Print, from the listing below, the lines starting at the line containing "Christian Easter ALL" and ending at the line containing "取不粘鍋把鱈魚煎至上色,把酥", exactly as they stand, and print nothing else.

** Record extracts follows **

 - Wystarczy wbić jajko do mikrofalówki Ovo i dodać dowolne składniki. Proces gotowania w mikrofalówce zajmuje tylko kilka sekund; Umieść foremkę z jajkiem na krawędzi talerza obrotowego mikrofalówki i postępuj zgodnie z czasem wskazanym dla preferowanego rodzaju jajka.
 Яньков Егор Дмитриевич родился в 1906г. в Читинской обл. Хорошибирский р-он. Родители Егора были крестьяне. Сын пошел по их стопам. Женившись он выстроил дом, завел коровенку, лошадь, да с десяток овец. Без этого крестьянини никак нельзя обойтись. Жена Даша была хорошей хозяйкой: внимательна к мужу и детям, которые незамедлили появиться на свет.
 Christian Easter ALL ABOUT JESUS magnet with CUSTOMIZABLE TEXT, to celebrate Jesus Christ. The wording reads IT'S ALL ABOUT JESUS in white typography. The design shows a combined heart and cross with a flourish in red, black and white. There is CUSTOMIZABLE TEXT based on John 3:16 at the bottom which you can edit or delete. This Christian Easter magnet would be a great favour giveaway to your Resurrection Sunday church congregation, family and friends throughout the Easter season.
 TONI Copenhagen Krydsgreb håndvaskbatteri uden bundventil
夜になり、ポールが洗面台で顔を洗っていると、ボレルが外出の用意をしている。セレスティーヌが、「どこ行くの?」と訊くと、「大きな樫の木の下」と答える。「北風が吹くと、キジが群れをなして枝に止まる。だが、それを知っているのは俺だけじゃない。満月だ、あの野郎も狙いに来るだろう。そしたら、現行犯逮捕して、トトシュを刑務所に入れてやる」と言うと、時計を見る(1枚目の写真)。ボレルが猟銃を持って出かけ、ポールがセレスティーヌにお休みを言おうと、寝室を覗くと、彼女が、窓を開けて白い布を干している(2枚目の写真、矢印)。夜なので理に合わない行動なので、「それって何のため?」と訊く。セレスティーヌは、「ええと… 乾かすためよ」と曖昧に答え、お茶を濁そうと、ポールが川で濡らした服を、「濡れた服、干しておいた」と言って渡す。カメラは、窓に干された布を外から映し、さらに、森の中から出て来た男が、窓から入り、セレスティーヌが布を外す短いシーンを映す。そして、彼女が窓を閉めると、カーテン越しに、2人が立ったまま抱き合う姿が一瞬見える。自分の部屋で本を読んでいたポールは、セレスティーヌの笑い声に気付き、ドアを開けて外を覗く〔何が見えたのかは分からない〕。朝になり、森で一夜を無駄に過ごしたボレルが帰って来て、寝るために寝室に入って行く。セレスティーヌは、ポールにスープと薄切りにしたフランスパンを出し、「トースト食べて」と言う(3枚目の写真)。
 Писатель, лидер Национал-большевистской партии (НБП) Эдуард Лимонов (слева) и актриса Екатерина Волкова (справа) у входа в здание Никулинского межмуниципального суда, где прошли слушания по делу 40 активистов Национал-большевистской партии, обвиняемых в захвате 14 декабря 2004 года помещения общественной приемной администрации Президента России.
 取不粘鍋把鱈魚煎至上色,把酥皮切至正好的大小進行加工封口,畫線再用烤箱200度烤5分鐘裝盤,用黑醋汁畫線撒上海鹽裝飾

** End of Record extracts **
** Record extracts follows **

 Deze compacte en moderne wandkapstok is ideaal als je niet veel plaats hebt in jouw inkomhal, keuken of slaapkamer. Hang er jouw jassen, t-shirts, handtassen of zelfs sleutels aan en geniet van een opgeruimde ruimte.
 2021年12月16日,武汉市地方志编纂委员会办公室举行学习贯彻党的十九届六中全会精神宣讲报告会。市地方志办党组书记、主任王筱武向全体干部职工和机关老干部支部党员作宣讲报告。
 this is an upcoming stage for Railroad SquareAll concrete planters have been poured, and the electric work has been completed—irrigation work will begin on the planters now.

** End of Record extracts **
** Record extracts follows **

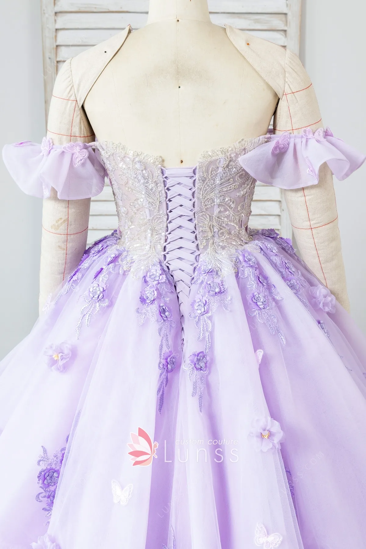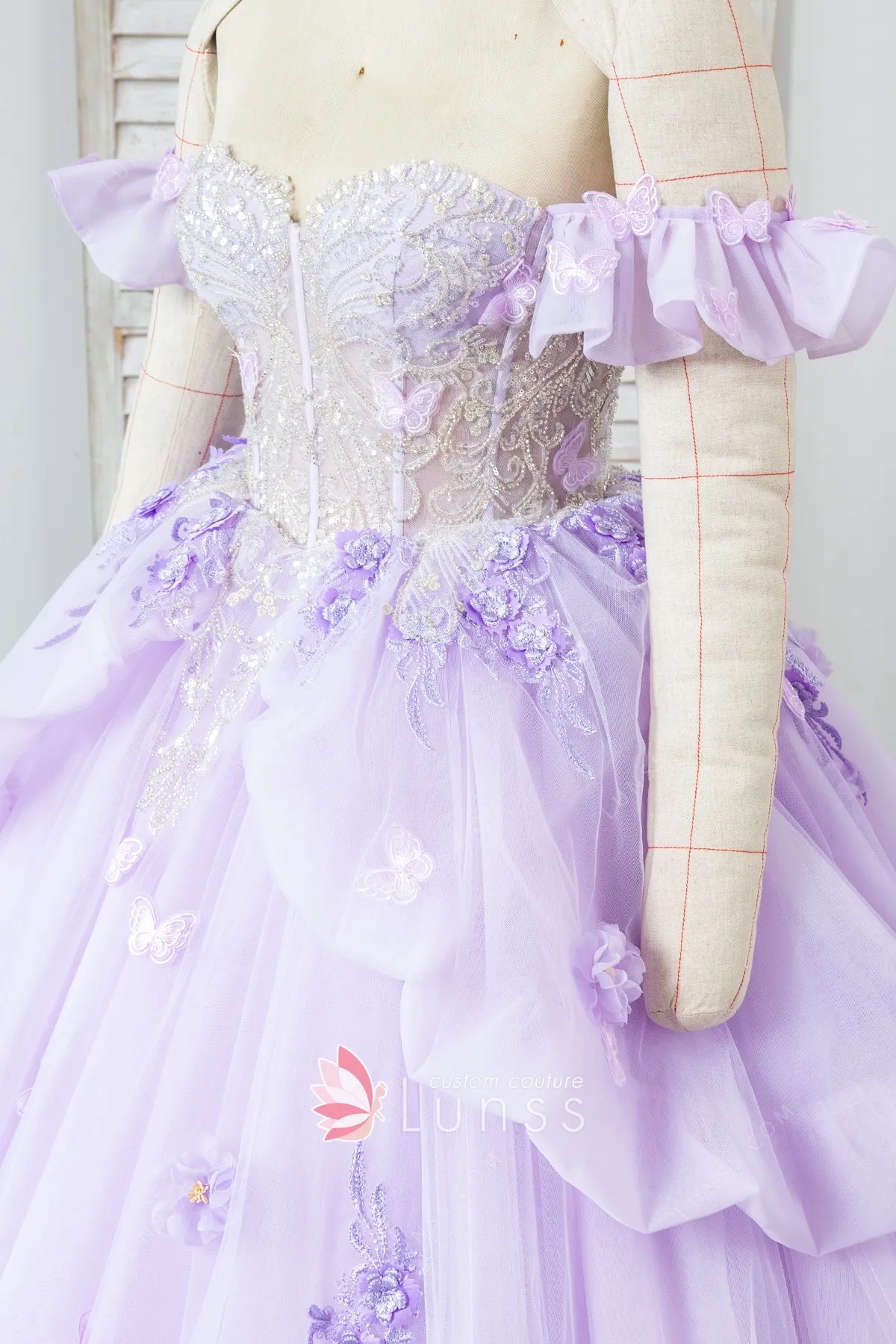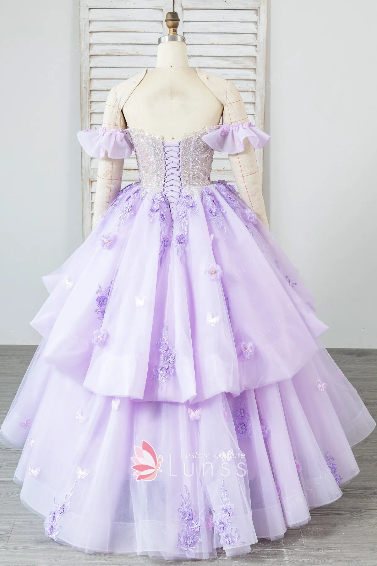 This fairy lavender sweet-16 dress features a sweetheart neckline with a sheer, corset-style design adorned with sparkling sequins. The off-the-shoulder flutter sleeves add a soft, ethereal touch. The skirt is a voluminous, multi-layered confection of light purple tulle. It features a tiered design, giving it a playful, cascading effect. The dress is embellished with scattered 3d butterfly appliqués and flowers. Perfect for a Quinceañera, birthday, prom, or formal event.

** End of Record extracts **

Exercise result:
 Christian Easter ALL ABOUT JESUS magnet with CUSTOMIZABLE TEXT, to celebrate Jesus Christ. The wording reads IT'S ALL ABOUT JESUS in white typography. The design shows a combined heart and cross with a flourish in red, black and white. There is CUSTOMIZABLE TEXT based on John 3:16 at the bottom which you can edit or delete. This Christian Easter magnet would be a great favour giveaway to your Resurrection Sunday church congregation, family and friends throughout the Easter season.
 TONI Copenhagen Krydsgreb håndvaskbatteri uden bundventil
夜になり、ポールが洗面台で顔を洗っていると、ボレルが外出の用意をしている。セレスティーヌが、「どこ行くの?」と訊くと、「大きな樫の木の下」と答える。「北風が吹くと、キジが群れをなして枝に止まる。だが、それを知っているのは俺だけじゃない。満月だ、あの野郎も狙いに来るだろう。そしたら、現行犯逮捕して、トトシュを刑務所に入れてやる」と言うと、時計を見る(1枚目の写真)。ボレルが猟銃を持って出かけ、ポールがセレスティーヌにお休みを言おうと、寝室を覗くと、彼女が、窓を開けて白い布を干している(2枚目の写真、矢印)。夜なので理に合わない行動なので、「それって何のため?」と訊く。セレスティーヌは、「ええと… 乾かすためよ」と曖昧に答え、お茶を濁そうと、ポールが川で濡らした服を、「濡れた服、干しておいた」と言って渡す。カメラは、窓に干された布を外から映し、さらに、森の中から出て来た男が、窓から入り、セレスティーヌが布を外す短いシーンを映す。そして、彼女が窓を閉めると、カーテン越しに、2人が立ったまま抱き合う姿が一瞬見える。自分の部屋で本を読んでいたポールは、セレスティーヌの笑い声に気付き、ドアを開けて外を覗く〔何が見えたのかは分からない〕。朝になり、森で一夜を無駄に過ごしたボレルが帰って来て、寝るために寝室に入って行く。セレスティーヌは、ポールにスープと薄切りにしたフランスパンを出し、「トースト食べて」と言う(3枚目の写真)。
 Писатель, лидер Национал-большевистской партии (НБП) Эдуард Лимонов (слева) и актриса Екатерина Волкова (справа) у входа в здание Никулинского межмуниципального суда, где прошли слушания по делу 40 активистов Национал-большевистской партии, обвиняемых в захвате 14 декабря 2004 года помещения общественной приемной администрации Президента России.
 取不粘鍋把鱈魚煎至上色,把酥皮切至正好的大小進行加工封口,畫線再用烤箱200度烤5分鐘裝盤,用黑醋汁畫線撒上海鹽裝飾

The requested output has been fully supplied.